At the 2008 convention, I was fortunate to catch up with Dr. Ken Duckworth, NAMI's medical director, and his colleague, Stephen M. Goldfinger, MD, professor and chair, Department of Psychiatry and Behavioral Sciences, State University of New York Downstate Medical Center. Their insights into schizophrenia in young people I offer as a complement to my first blog outlining the findings of NAMI's recent survey. We chatted outdoors in the Florida sun.
CB: First, I'd like to know how you got involved in the blog for MTV's True Life: I Have Schizophrenia. All three of the people featured had different stories. Schizophrenia in each person is as unique as his or her thumbprint. Comment on this, and how MTV put human faces on the illness.
KD: I think MTV did a great job, and they picked interesting young adults living with schizophrenia and each of them has a different kind of package of what they're doing, how they're living, the supports and the symptoms they have. MTV did a good job. NAMI was a resource to MTV. Basically, I answered some questions that have come in, and it's been fun.
CB: Do you believe stigma is the culprit in not getting the treatment that works?
KD: I think it's one of the culprits. Young people tend to not like the idea of having an illness, and that's normal. Also, if you have an illness like schizophrenia, you can't see that you're ill, and that makes it harder, too. Most young people like to hang out and drink, that's how they socialize, or in some cases smoke dope and socialize. That complicates life for a person with schizophrenia. Then of course the attitudes that people have in society of people with mental illnesses are still negative. So that it's hard for a person to consider that they may have such a condition.

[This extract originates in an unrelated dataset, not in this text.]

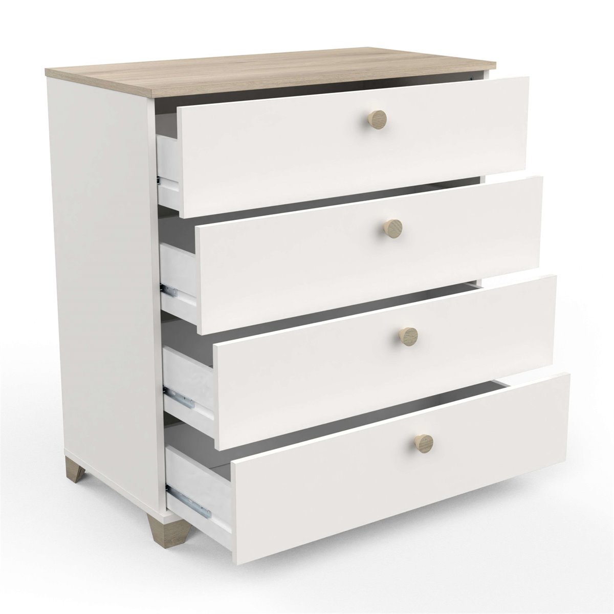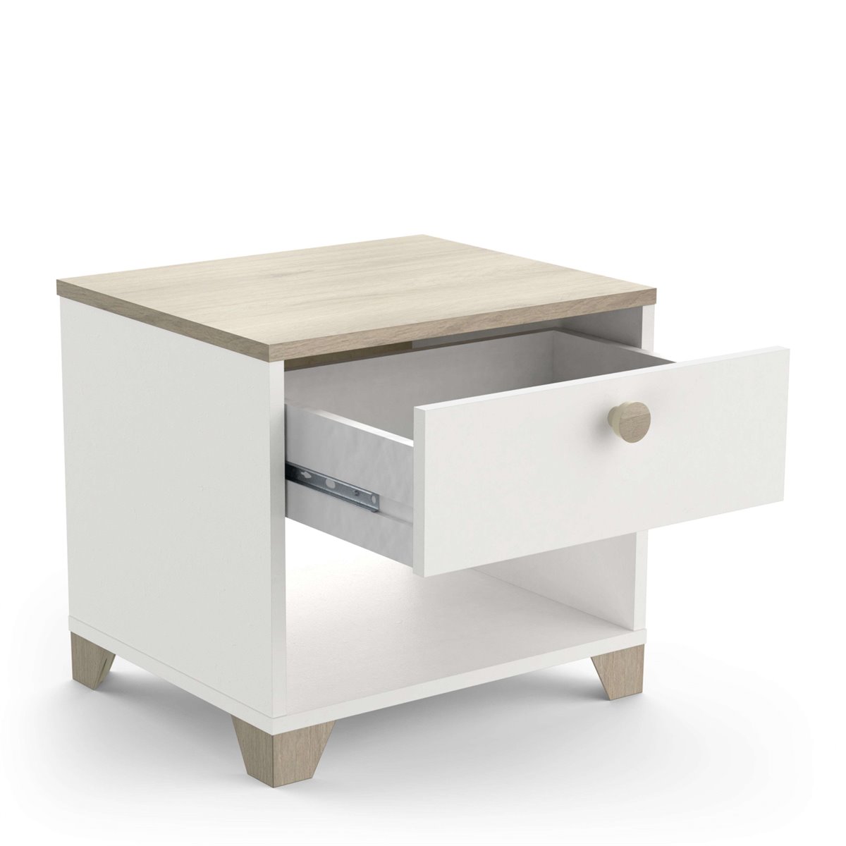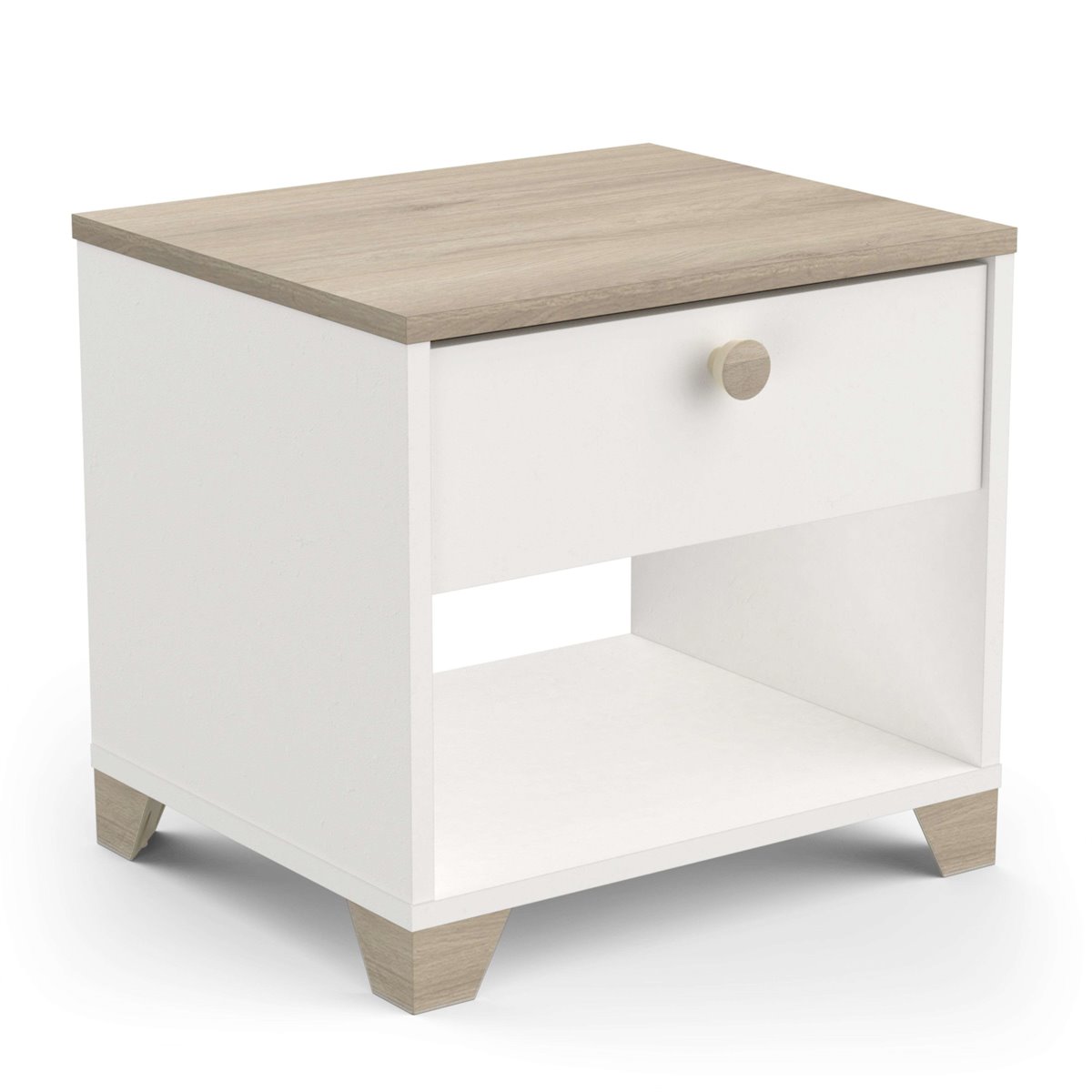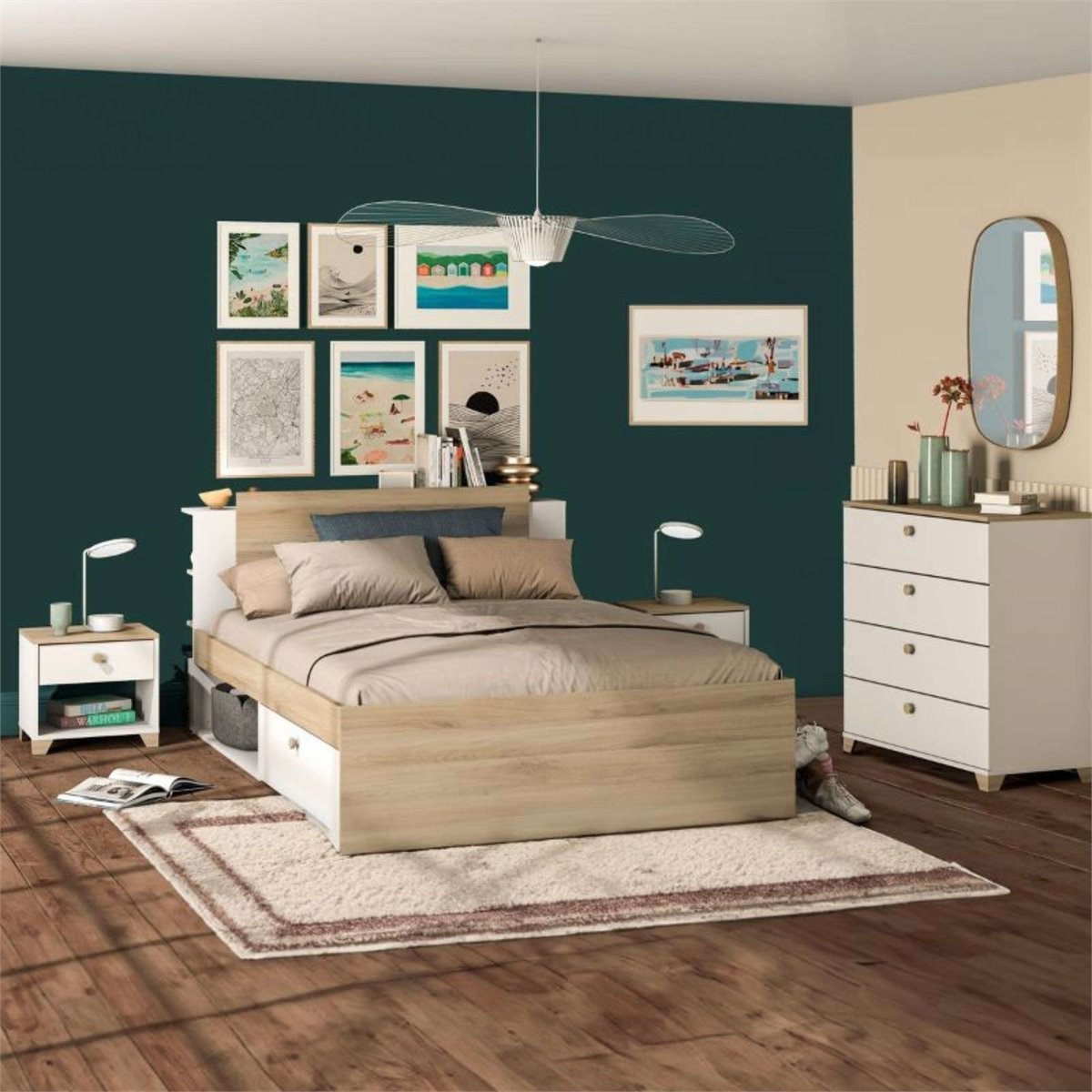 Añade un toque de estilo a tu hogar con nuestro dormitorio completo Izzy, Un conjunto de muebles para tu habitación, formado por una estructura de cama de 135 a 140 cm, Una cómoda de 4 cajones de almacenaje y dos mesitas con 1 cajón, Un diseño de gran personalidad, carácter y luz, El conjunto, fabricado en melamina resistente, combina el color blanco mate con el roble kronberg, Un modelo que lucirá como nada en tu hogar y hará que puedas presumir de muebles nuevos sin problema, Consigue una habitación modrna, con espacio y con el orden que necesitas, Medidas cama: Alto 87,7 cm Ancho 144,7 cm Profundidad 227 cm - Medidas mesitas: Alto 39'7 cm Ancho 43'2 cm Profundidad 36'2 cm - Medidas: Alto 85,1 cm Ancho 79,7 cm Profundo 41,9 cm Se trata de mobiliario con kit de montaje, que incluye manual de instrucciones y tornillería,Nota: Cama compatible con somieres de 135 o 140 de ancho, si utilizas la medida de 135 quedará un hueco al lado de la estructura de la cama, En el momento de montaje puedes adaptar la estructura a un largo de 190 cm o 200 cm, No incluye somier, colchón ni elementos decorativos de las imágenes

SG: I'd add that the larger healthcare system harbors the stigma that isn't talked about: unlike virtually every medical illness, mental illness hasn't been insured the same way, and the availability of treatment, even if it exists, is often not paid for in the frequency where you can see your doctor or get your medication covered. That makes it even harder, because if you have someone who is willing and wants to participate, a clinic will say, "We'll see you fifteen minutes a month," and what he really needs is a person to spend half an hour twice a week with him. That's just not part of the package.
CB: That's sad, so sad because given the right treatment, one can recover. Talk about the statistics on recovery from schizophrenia after a first episode.
KD: After a first episode, I think many people do pretty well for a period of time, but then many have recurrences. Yet if you look more longitudinally, which is Courtenay Harding's study, it shows about half the people do pretty well over time. How much of that is age or better services, how much of that is rehabilitation, these are really good questions. Not every first episode is a lifetime of episodes.